Publication

Savills ProgrammE and Cost Sentiment Survey

Will warnings from house builders start to filter into sentiment?


S.P.E.C.S score negative for first time

As the business community geared up for a potential no-deal Brexit only to see its likelihood rescind, the impact on property markets has been varied.

The sentiment around occupier demand is remarkably similar across Central London offices, regional offices and industrial and logistics; that take-up has fallen slightly year on year but that this has been driven in the most part by a lack of big deals, which are usually build to suits or pre-lets.

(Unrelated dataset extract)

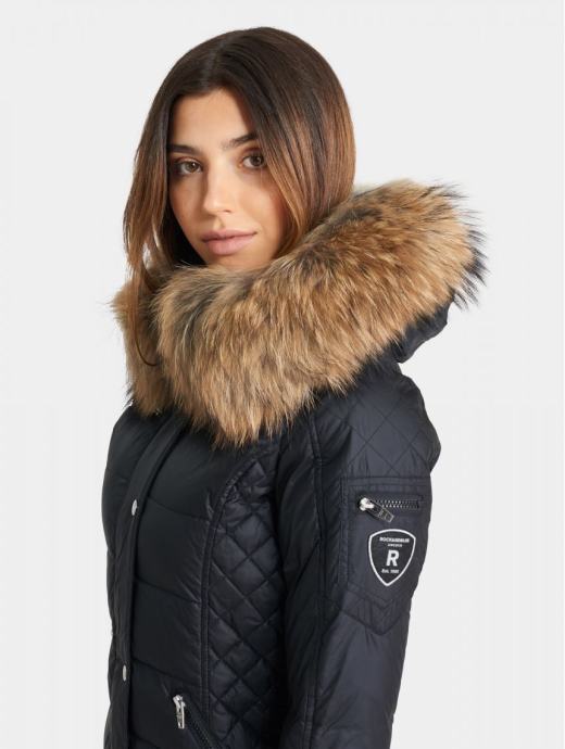 Prodajem toplu zimsku jaknu švedskog branda ROCKANDBLUE. Jakna je punjena paperjem s bogatim rakunovim krznom u nature boji. Jakna prati liniju tijela, atraktivnog je izgleda i zaista topla. Kapuljača se da skinuti kao i krzno. Bez obzira na punjenje, periva je u perilici rublja na 30°C. Jakna je visoke kvalitete, stara 2 godine i u iznimno dobrom stanju. Perje ne izlazi van. U prodaji je nova oko 500 eura. Veličina je 38, ali zbog strukiranosti, bila bi idealna za one koji nose veličinu 36. Prodajem isključivo jer mi je sad malo premala.
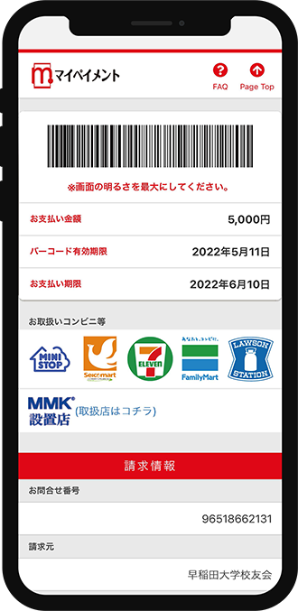 コンビニ納入の場合、スマホ画面にバーコードを表示し、コンビニレジにてご納入いただけます。

This comes as no real surprise as occupiers continue to wait and see what version of Brexit will be delivered before committing to large capital investments. The logical knock on effect into build costs and timescales is that both would start to come down as contractors are able to deliver projects quicker and continue to price orders at a suitable level to fill their order books.

It would seem that contractors expect this state of affairs to continue into the medium term as detailed with G & T reporting just 1% tender price inflation for 2019, 2020 and 2021. This is reflected in our S.P.E.C.S index for the start of 2019 with a score for of minus three, which is the lowest quarterly score since the start of our survey.

S.P.E.C.S Q1 2019

S.P.E.C.S Q1 2019
Source: Savills Research

With the UK now in the process of searching for its third prime minister in four years, there is no further political clarity to give developers or occupiers confidence to embark on large-scale projects. Many occupier markets still have remarkably low vacancy rates, so a window of opportunity remains for developers who can look past the politics

Simon Collett, Head of Division
Q1 2019 S.P.E.C.S Indicators

Q1 2019 S.P.E.C.S Indicators
Source: Savills Research | Note: *Time taken from project sign off to commencement including procurement and delivery of building components

Underlying uncertainty and potential rising build costs for housebuilders

There is less appetite for risk among housebuilders in response to underlying market uncertainty, slowing sales rates, rising build costs and the government’s plan to end the Help to Buy scheme after March 2023. This in turn is suppressing land values, particularly in London and the South, where there is also falling house price growth.

Land values house prices and build costs index

Land values house prices and build costs index
Source: Savills Research

To mitigate risk, housebuilders are being selective about the sites they buy and are making use of their established land pipelines. They have built up strategic pipelines since recovering from the global financial crisis and have been drawing on these pipelines instead of relying on purchasing consented parcels for some time now. On average, the listed housebuilders currently have 4.5 years’ worth of land and source 32% of that land from their strategic pipelines.

Following the announced changes to Help to Buy from 2021, some housebuilders are starting to re-plan sites to include more smaller units that will qualify for Help to Buy under the new regional price caps.

Higher than expected build cost inflation in early 2019 has been reported by housebuilders, driven by rising costs of resources and labour, due to a weakening pound and Brexit-related stockpiling of materials. According to current BCIS forecasts, build costs are predicted to rise by 3.8% in 2019, whereas Gardiner and Theobald only expect them to rise by 1%. Many housebuilders have expressed concern about increasing build costs in their recent trading statements. Persimmon forecasts build cost inflation of 4% this year and Taylor Wimpey predicts a 5% rise, higher than any of the current Tender Price forecasts. Most housebuilders are anticipating build cost inflation of 3-4% this year.

Build costs forecasts vary

Build costs forecasts vary
Source: Savills Research



Time to revisit procurement routes?

Continued Brexit and labour market uncertainty is meaning contractors are reporting a “mixed bag” when it comes to what costs are rising and falling. In terms of our S.P.E.C.S sentiment index this suggest that the inputs are blended to reflect the fact our score currently remains static. With a paucity of large scale projects which may be exasperated by political uncertainly now may be the time to revisit procurement routes for certain commodities or services.



Methodology & Approach

Savills Building and Project Consultancy sector experts track build cost and programme timescales sentiment across 48 separate markets and sectors. A high S.P.E.C.S score would mean that most sectors are experiencing upward cost and timescale pressure whereas a highly negative score would suggest that most markets and sectors are experiencing downward pressure. A score around zero suggest that build costs and programme timescales are largely static.